Guide

The EU battery passport registry and online system

The battery passport is backed by a Commission-established online system: the unique identifier and a defined set of passport data are registered centrally, and the data carrier resolves through it so passports remain findable for the retention period.

Last updated 1 June 2026

The passport is not just a page on a vendor’s website. The regulation provides for a central online system, established by the European Commission, that underpins the battery passport and keeps it findable independently of any single operator.

What the system does

  • Holds a register of unique identifiers for in-scope batteries.
  • Receives a defined set of passport data from economic operators.
  • Helps the data carrier resolve to the correct passport.
  • Supports continuity if an operator ceases to exist before the retention period ends.

Operator vs central system

RoleHeld by operatorHeld centrally
Full passport dataYesDefined subset
Unique identifier registerYesYes
Public access endpointYesResolution support
The exact technical specification of the registry and resolver is being set out in implementing and delegated acts.

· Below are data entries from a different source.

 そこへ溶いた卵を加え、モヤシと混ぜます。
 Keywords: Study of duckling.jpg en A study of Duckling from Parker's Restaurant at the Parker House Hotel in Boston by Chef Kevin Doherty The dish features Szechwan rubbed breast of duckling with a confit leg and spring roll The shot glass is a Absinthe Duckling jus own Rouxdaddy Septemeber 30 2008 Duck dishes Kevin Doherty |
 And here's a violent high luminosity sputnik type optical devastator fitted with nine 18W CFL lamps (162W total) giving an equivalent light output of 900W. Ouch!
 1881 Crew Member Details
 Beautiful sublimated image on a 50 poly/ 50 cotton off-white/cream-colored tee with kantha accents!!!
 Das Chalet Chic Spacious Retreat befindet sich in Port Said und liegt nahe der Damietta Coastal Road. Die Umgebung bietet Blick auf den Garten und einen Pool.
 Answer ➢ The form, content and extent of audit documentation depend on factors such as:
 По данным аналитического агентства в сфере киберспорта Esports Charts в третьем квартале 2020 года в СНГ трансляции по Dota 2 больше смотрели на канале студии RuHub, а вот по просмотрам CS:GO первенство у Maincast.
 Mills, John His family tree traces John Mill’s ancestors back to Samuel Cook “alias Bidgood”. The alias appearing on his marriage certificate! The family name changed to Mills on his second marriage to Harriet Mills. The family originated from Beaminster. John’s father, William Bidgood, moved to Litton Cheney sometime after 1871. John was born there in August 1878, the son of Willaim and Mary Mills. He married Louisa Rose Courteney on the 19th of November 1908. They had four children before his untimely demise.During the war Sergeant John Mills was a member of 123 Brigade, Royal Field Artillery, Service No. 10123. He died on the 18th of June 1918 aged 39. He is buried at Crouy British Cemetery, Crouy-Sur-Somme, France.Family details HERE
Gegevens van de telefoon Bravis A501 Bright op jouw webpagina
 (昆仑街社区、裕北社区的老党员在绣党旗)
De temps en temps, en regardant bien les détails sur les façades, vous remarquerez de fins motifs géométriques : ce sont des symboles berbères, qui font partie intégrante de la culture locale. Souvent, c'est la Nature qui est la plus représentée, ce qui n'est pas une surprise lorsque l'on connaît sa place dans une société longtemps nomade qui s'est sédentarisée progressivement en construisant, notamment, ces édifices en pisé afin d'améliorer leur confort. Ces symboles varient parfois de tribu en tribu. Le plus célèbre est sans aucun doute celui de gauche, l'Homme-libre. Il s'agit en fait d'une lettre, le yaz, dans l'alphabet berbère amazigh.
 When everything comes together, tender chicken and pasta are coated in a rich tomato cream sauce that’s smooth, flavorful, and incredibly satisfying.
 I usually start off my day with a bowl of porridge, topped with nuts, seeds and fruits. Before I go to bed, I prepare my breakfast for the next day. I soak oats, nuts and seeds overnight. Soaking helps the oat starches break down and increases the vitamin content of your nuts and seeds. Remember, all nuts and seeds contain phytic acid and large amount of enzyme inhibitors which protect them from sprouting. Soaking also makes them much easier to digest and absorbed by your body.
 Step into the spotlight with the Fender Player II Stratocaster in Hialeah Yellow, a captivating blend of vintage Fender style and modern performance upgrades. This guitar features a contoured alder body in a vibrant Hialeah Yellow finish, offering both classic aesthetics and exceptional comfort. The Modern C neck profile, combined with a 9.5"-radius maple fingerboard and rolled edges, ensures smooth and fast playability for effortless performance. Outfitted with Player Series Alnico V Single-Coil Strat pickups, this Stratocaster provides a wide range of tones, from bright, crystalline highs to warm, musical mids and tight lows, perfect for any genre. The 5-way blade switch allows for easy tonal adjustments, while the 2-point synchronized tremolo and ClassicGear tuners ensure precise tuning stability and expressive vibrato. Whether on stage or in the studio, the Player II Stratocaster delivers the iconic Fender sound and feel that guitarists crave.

The practical takeaway: build your passport so the identifier and required data can be registered, not locked into a proprietary silo.

For a manufacturer or importer this means choosing infrastructure that can both serve the passport publicly and feed the central system once its interface is finalised, without re-issuing identifiers.

Frequently asked

Is the battery passport stored in one central EU database?

A defined subset of data and the unique identifiers are registered centrally, while the full passport is served by the responsible operator. The two are designed to work together.